Hi everyone,
Using Trimmomatic and then HISAT2, I have aligned 300 RNA fastq samples (NovaSeq6000, RNA sequencing, paired-end, 150bp sequencing).
I have found a percentage of overlapping paired end reads (read through) in the 300 .bam files. I found the overlaps in IGV and QORTS. This is a splicing analysis. The splice junctions covered by overlapping PE reads will be counted twice by downstream programs (confirmed by developers).
clipOverlap from bamutils works to merge those reads but it throws away all discordant reads (uniquely mapped). About 200,000 a file.
Does anyone know if bbmerge can merge the overlapping paired end reads from a .bam file ? Or, alternatively recommend another tool/technique to do this?
Thanks!
Probably not directly. But you could name sort the BAM file and feed it to
reformat.sh
that can extract the read pairs and then pipe them into BBMerge.You could go back to the fastq files and merge PE using FLASH, but this means you'll have to rerun the mapping procedure - not sure if this is really an option.
Thanks @Genomax and @liorglic for the suggestions. We decided to proceed on with our alignment and use clipOverlap from bamutils for read overlap removal (post alignment) from our BAM files.
However the clipOverlap (https://genome.sph.umich.edu/wiki/BamUtil:_clipOverlap) manual states :
"It also checks strand. If a forward strand extends past the end of a reverse strand, that will be clipped. Similarly, if a reverse strand starts before the forward strand, the region prior to the forward strand will be clipped. If the reverse strand occurs entirely before the forward strand, both strands will be entirely clipped. If the --unmapped option is specified, then rather than clipping an entire read, it will be marked as unmapped."

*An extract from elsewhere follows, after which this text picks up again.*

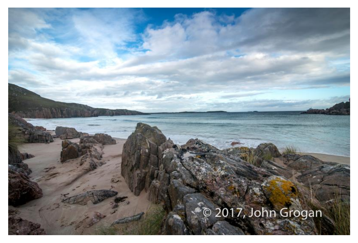
Durness

We understand the forward strand extending past the end of the reverse strand, but are unable to visualise what the statement in bold is specifically describing? How does the reverse strand start before the forward strand, but then clip this region prior to the forward strand - it sounds as though it is not the overlapping segment?
We also observed the third rule in action where discordant reads with no overlap were entirely clipped. Any thoughts as to why they would perform this action on reads that have no overlap? We have a minimal amount, but are interested to understand their theory to better understand the software in general.
Once again thank you for your time and happy holidays!